Some have argued that there is no conflict as there is no difference between meatspace and cyberspace. Malpas21 asserts that “The virtual does not introduce any special legal or ethical problems that are peculiar to the virtual alone”. However he has overlooked the infinite replication at no cost of digital goods. Once a digital item has been made it can be replicated at no cost infinitely. But Malpas is not alone in missing the importance of this aspect of virtual life. Copyright holders and many content creators likewise fail to account for this phenomenon in their dealings with virtual worlds. The idea of content theft in virtual worlds seems hard to justify when the concept of theft itself seems not to apply. If I make a car in meatspace and you come and take it from me I no longer have a car. You have stolen it from me. If I make a car in a virtual world I can give an identical copy to you and still have an infinite number of cars myself. It seems clear that I as the maker of the car can rightly claim some reward for having made the car. But do I deserve this reward an infinite number of times? I suggest not. The key factor here is that I do not suffer a loss if you also have a copy of the car. I still have an infinitely replicable car. While copyright holders have argued that the loss of a potential sale is an actual loss22 this argument is spurious as there is no way to ascertain if this potential sale would ever have been realised. The fact that one might download a copy of a movie is not proof that one would ever have bought it. One might not have the means to purchase it or one might find it of such poor quality that no desire to purchase it exists.
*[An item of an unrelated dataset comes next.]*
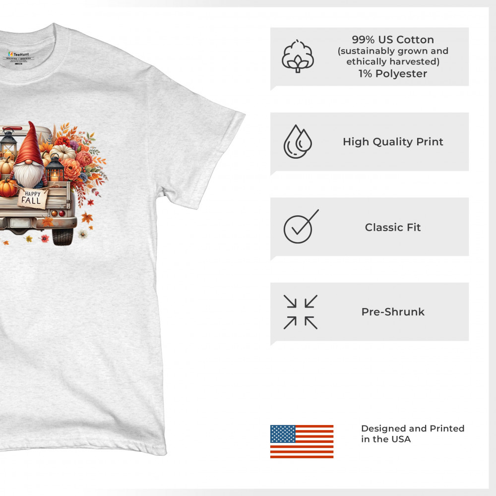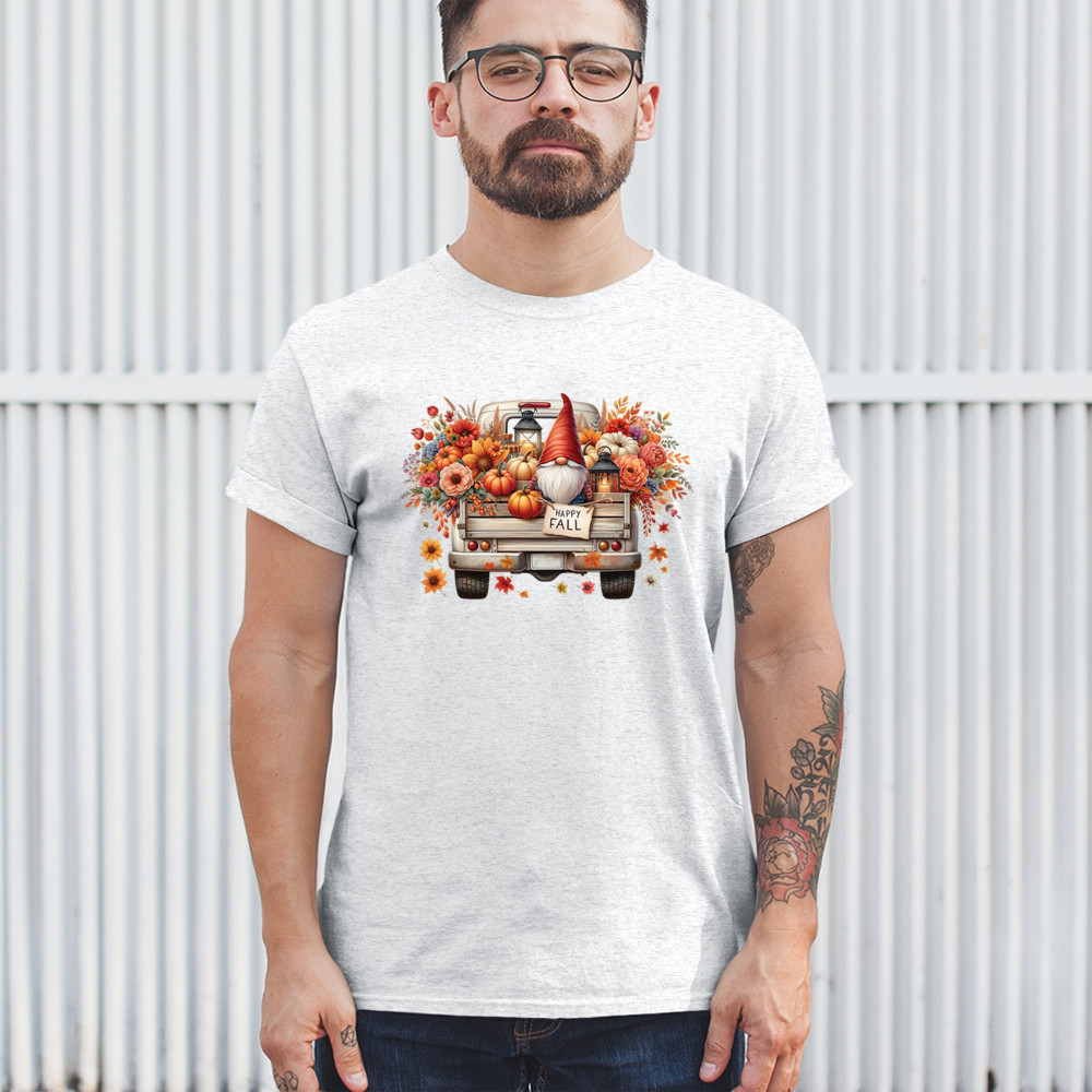 Bring fall charm into your wardrobe with this rustic gnome truck design. Overflowing with pumpkins, wildflowers, and a glowing lantern, it’s perfect for Thanksgiving, farmhouse gatherings, harvest festivals, and celebrating the floral autumn season in cozy style.

The fact that no actual, physical loss occurs gives the lie to any idea of theft. Michael23 describes this as being a contrast between a physical constraint and a social constraint. If I am driving my car in meatspace you cannot simultaneously be driving it. This is a physical constraint. In contrast to this, the concept of copyright, which constrains you from taking a copy of my car in a virtual world, is a social constraint.

In an effort to address the lack of physical constraints in virtual worlds, and to artificially replicate the scarcity of objects in the meatspace world, Linden Lab created a software analogue of Lessig’s aforementioned permission culture24. The Second Life permissions system is designed to allow the creator of an object to decide what degree of control they want other residents to have over their creations. All objects have three permissions; modify, copy and resell/give away (the last is generally referred to as transfer). The permissions system is however easily circumventable, with programs in existence that allow users to copy even items with restricted permissions, and some third party viewers supporting object export25. The system is widely resented and ridiculed by residents, including many content creators, many of them being those who wish to give their content away for free. Support for the permissions system is found among some who seek to make a living from their virtual creations.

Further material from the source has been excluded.